** INFORMATION follows **

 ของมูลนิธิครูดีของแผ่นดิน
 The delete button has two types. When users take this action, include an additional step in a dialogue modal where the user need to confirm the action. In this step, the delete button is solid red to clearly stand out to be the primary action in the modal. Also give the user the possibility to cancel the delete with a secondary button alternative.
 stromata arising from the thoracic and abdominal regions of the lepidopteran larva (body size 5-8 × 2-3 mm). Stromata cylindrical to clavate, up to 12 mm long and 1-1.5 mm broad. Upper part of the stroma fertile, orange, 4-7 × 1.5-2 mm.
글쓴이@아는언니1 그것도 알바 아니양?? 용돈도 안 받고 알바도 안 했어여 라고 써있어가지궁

** End of INFORMATION **
** INFORMATION follows **

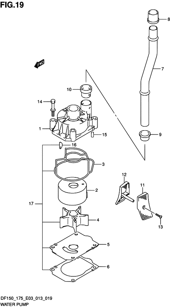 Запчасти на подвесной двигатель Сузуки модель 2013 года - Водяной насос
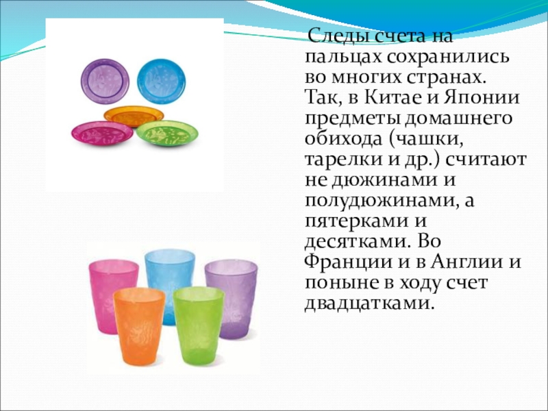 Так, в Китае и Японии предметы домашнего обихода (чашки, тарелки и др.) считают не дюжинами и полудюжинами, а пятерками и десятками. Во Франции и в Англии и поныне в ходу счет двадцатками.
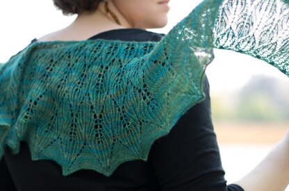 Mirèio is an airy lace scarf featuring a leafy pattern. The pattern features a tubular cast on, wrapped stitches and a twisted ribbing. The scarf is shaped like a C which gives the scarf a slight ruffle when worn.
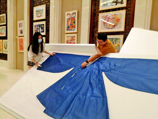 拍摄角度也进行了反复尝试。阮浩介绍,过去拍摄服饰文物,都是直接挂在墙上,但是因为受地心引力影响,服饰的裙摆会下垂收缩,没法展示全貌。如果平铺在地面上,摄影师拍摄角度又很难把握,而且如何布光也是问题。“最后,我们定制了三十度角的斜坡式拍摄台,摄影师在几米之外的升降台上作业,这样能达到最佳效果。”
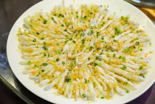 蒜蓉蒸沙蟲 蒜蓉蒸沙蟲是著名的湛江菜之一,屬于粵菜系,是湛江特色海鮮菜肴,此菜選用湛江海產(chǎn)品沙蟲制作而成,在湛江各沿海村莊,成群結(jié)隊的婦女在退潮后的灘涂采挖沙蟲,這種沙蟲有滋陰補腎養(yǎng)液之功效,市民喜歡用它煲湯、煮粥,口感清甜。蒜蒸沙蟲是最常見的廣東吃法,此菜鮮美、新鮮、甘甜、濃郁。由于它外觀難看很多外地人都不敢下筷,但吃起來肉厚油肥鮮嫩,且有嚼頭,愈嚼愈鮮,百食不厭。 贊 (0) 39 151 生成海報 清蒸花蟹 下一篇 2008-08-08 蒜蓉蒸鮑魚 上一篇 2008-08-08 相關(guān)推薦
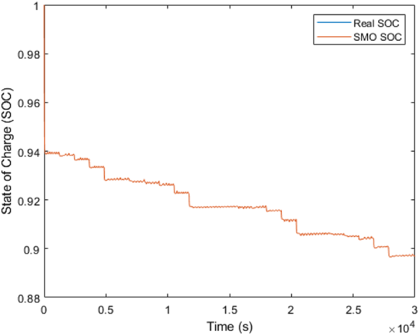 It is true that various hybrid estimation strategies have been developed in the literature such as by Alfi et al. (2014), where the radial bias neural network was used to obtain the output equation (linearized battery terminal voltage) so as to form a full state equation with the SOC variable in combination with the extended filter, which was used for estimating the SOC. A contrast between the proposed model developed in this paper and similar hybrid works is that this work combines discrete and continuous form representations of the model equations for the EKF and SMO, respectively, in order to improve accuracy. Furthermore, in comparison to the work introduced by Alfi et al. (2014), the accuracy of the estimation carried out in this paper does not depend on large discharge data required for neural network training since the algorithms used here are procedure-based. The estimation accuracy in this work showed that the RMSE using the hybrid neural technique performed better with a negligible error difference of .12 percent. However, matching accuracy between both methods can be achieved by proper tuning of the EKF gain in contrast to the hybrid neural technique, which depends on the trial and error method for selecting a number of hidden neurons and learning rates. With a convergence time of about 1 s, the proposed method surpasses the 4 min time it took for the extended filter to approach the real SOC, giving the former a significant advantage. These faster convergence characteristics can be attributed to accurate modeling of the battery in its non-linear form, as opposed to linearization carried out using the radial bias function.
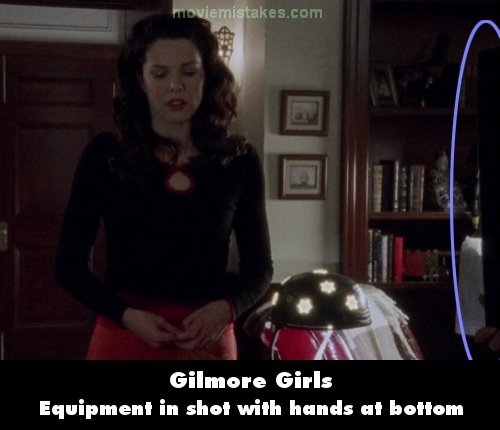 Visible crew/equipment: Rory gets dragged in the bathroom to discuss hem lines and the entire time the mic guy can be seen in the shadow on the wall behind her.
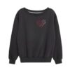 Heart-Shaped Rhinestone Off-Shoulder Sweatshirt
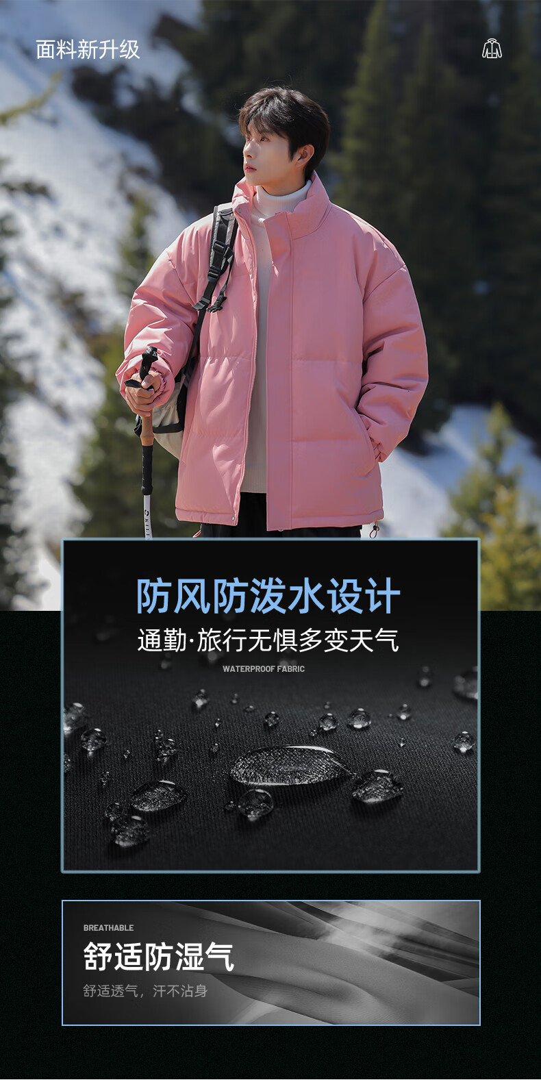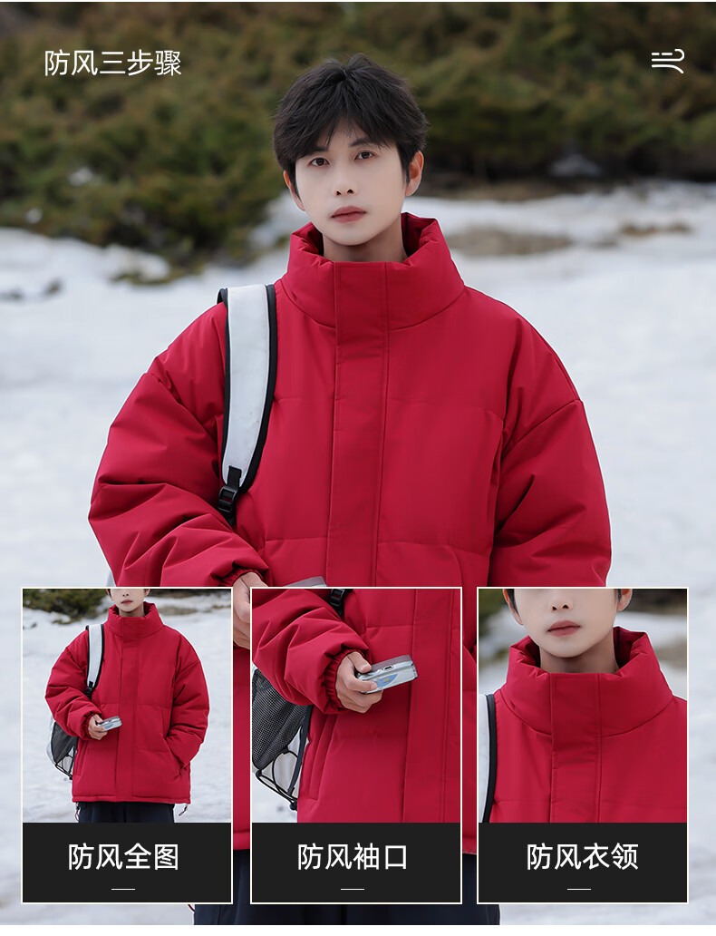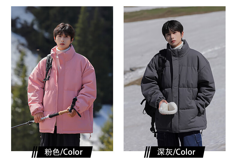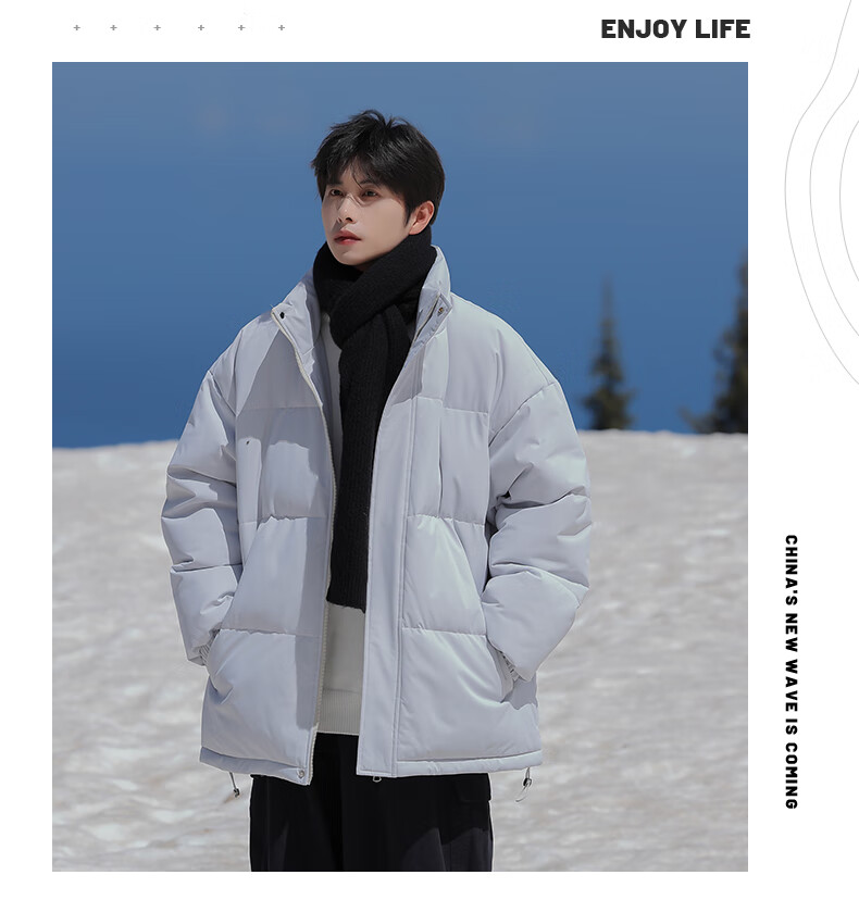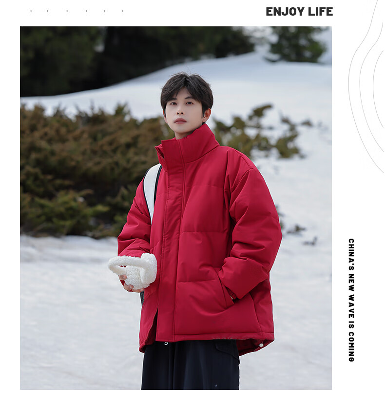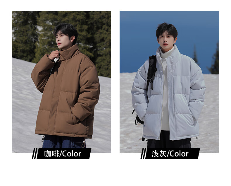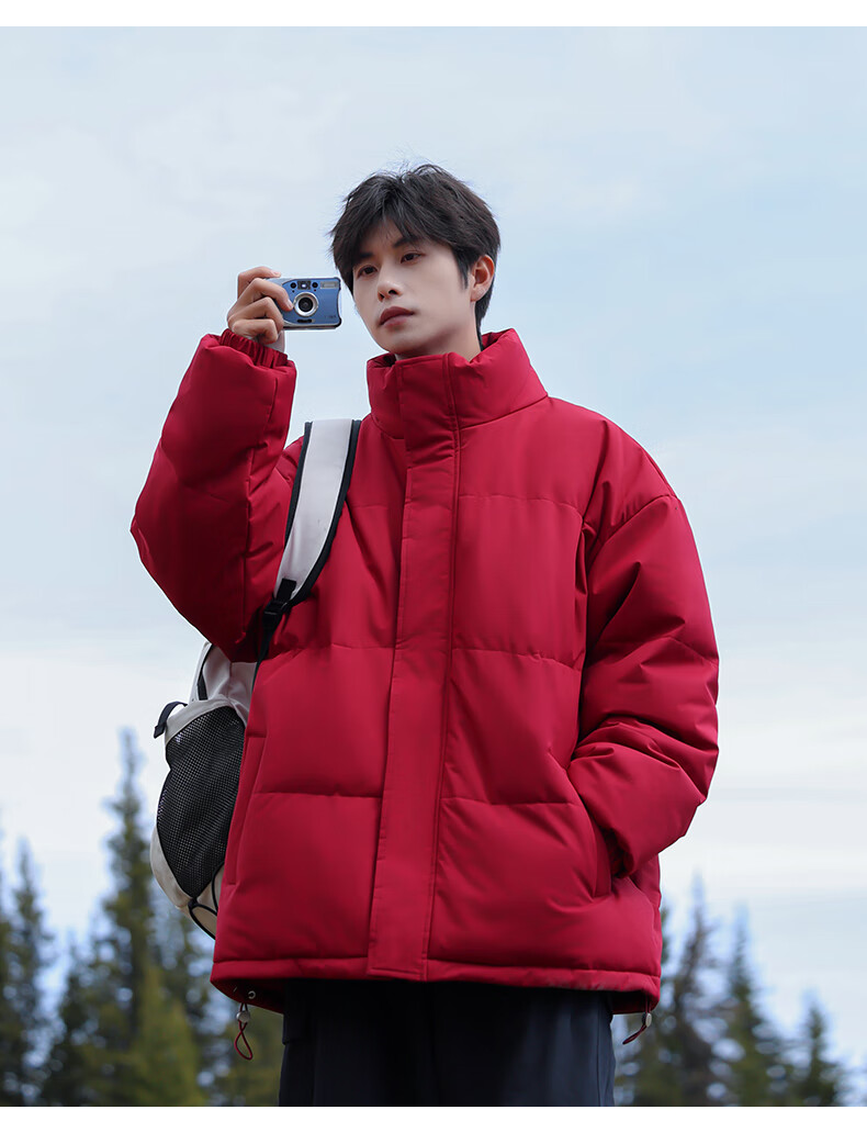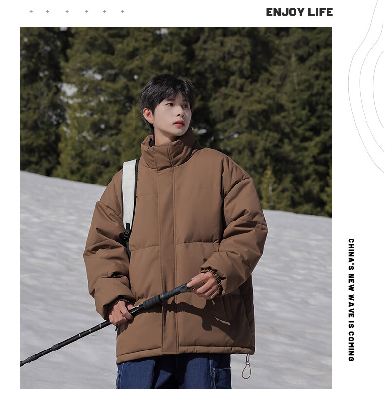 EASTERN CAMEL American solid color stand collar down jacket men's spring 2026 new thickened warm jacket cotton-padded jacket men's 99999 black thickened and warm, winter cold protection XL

** End of INFORMATION **

Considering only the material above, set down every line from the one with "ของมูลนิธิครูดีของแผ่นดิน" to the one with "stromata arising from", inclusive, exactly as written.

 ของมูลนิธิครูดีของแผ่นดิน
 The delete button has two types. When users take this action, include an additional step in a dialogue modal where the user need to confirm the action. In this step, the delete button is solid red to clearly stand out to be the primary action in the modal. Also give the user the possibility to cancel the delete with a secondary button alternative.
 stromata arising from the thoracic and abdominal regions of the lepidopteran larva (body size 5-8 × 2-3 mm). Stromata cylindrical to clavate, up to 12 mm long and 1-1.5 mm broad. Upper part of the stroma fertile, orange, 4-7 × 1.5-2 mm.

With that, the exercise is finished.